### [SUPPLIED DATA]
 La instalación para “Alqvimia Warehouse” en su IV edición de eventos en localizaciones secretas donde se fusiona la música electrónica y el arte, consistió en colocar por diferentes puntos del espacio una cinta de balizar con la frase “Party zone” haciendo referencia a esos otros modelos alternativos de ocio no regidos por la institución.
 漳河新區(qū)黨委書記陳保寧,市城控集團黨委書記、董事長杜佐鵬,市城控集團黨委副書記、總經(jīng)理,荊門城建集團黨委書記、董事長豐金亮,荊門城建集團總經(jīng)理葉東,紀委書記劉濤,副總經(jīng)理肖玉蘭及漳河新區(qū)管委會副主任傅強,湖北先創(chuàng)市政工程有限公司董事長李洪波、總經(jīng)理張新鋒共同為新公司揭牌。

...

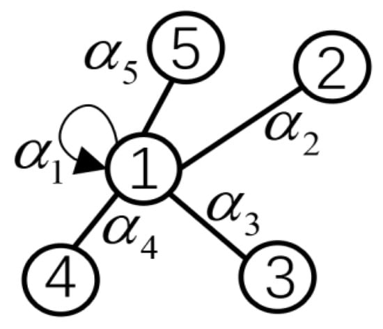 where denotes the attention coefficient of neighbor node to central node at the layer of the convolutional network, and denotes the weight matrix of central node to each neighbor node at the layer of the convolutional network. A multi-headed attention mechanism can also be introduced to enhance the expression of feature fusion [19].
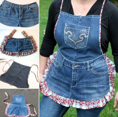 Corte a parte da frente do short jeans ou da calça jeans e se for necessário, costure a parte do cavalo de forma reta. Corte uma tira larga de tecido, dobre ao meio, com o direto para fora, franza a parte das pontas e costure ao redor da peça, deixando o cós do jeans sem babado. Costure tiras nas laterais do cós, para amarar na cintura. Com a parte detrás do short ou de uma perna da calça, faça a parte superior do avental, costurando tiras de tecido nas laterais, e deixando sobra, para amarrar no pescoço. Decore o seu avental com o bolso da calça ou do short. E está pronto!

### [TASK STATEMENT]
Give back, word for word, only the lines above from the line holding "La instalación para" to the line holding "漳河新區(qū)黨委書記陳保", both included.

### [OUTPUT BELOW]
 La instalación para “Alqvimia Warehouse” en su IV edición de eventos en localizaciones secretas donde se fusiona la música electrónica y el arte, consistió en colocar por diferentes puntos del espacio una cinta de balizar con la frase “Party zone” haciendo referencia a esos otros modelos alternativos de ocio no regidos por la institución.
 漳河新區(qū)黨委書記陳保寧,市城控集團黨委書記、董事長杜佐鵬,市城控集團黨委副書記、總經(jīng)理,荊門城建集團黨委書記、董事長豐金亮,荊門城建集團總經(jīng)理葉東,紀委書記劉濤,副總經(jīng)理肖玉蘭及漳河新區(qū)管委會副主任傅強,湖北先創(chuàng)市政工程有限公司董事長李洪波、總經(jīng)理張新鋒共同為新公司揭牌。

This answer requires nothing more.